▶ [Work item]: Exclude all pictures from your copy of the data below, which should otherwise match exactly.

▶ [Supplied data]:
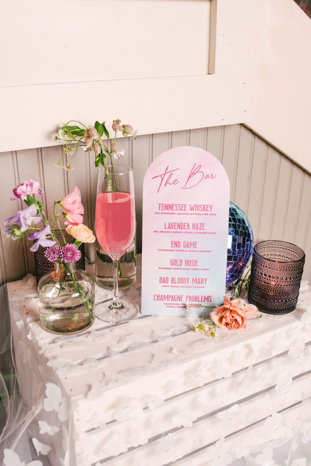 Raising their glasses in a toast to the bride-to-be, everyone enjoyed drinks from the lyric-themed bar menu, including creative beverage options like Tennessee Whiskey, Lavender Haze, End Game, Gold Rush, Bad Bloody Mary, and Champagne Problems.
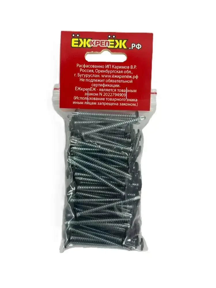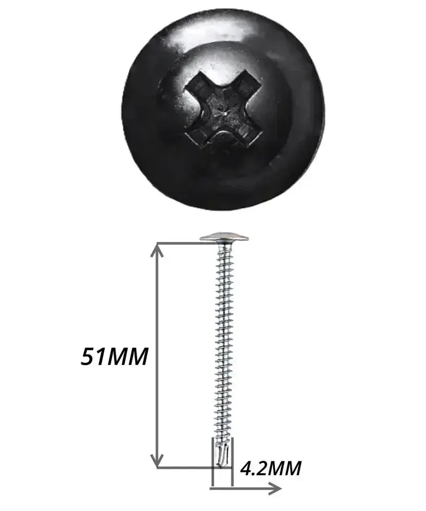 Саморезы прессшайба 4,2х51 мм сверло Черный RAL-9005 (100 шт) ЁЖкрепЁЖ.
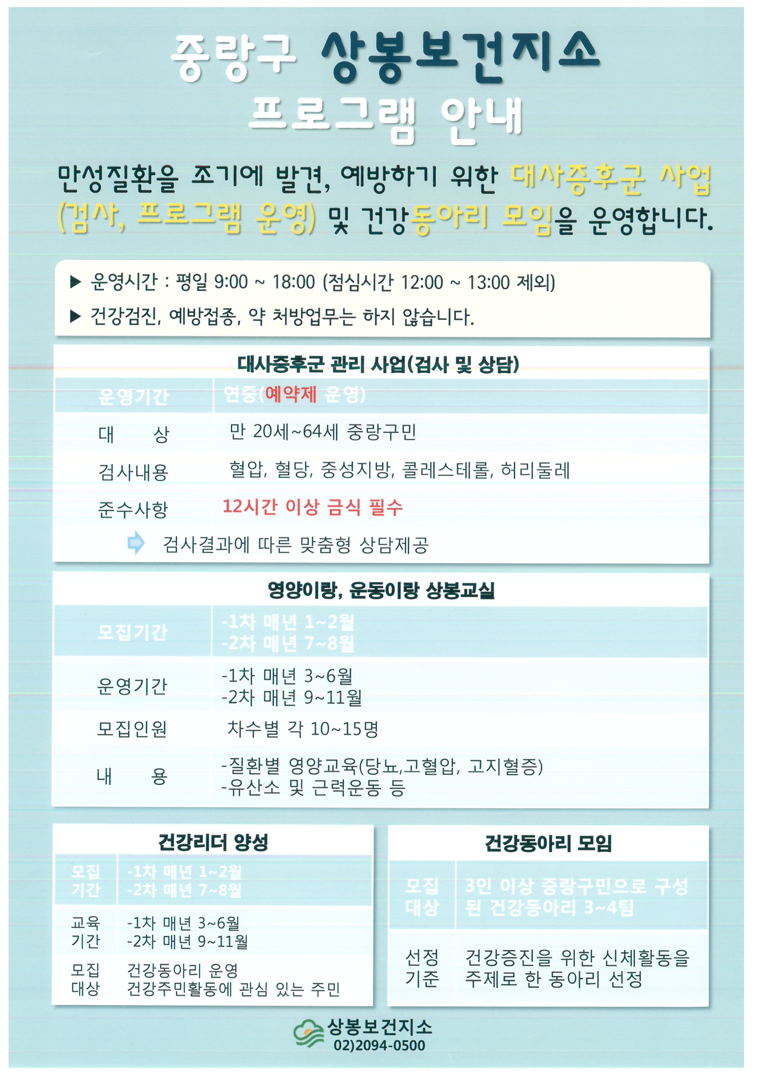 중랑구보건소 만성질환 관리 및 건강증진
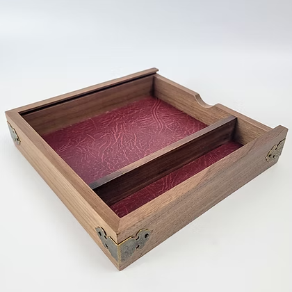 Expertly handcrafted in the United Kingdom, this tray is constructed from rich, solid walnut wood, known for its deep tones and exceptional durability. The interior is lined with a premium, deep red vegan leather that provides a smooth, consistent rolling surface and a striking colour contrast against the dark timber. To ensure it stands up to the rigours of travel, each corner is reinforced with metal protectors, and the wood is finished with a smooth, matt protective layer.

▶ [Response below]:
 Raising their glasses in a toast to the bride-to-be, everyone enjoyed drinks from the lyric-themed bar menu, including creative beverage options like Tennessee Whiskey, Lavender Haze, End Game, Gold Rush, Bad Bloody Mary, and Champagne Problems.
 Саморезы прессшайба 4,2х51 мм сверло Черный RAL-9005 (100 шт) ЁЖкрепЁЖ.
 중랑구보건소 만성질환 관리 및 건강증진
 Expertly handcrafted in the United Kingdom, this tray is constructed from rich, solid walnut wood, known for its deep tones and exceptional durability. The interior is lined with a premium, deep red vegan leather that provides a smooth, consistent rolling surface and a striking colour contrast against the dark timber. To ensure it stands up to the rigours of travel, each corner is reinforced with metal protectors, and the wood is finished with a smooth, matt protective layer.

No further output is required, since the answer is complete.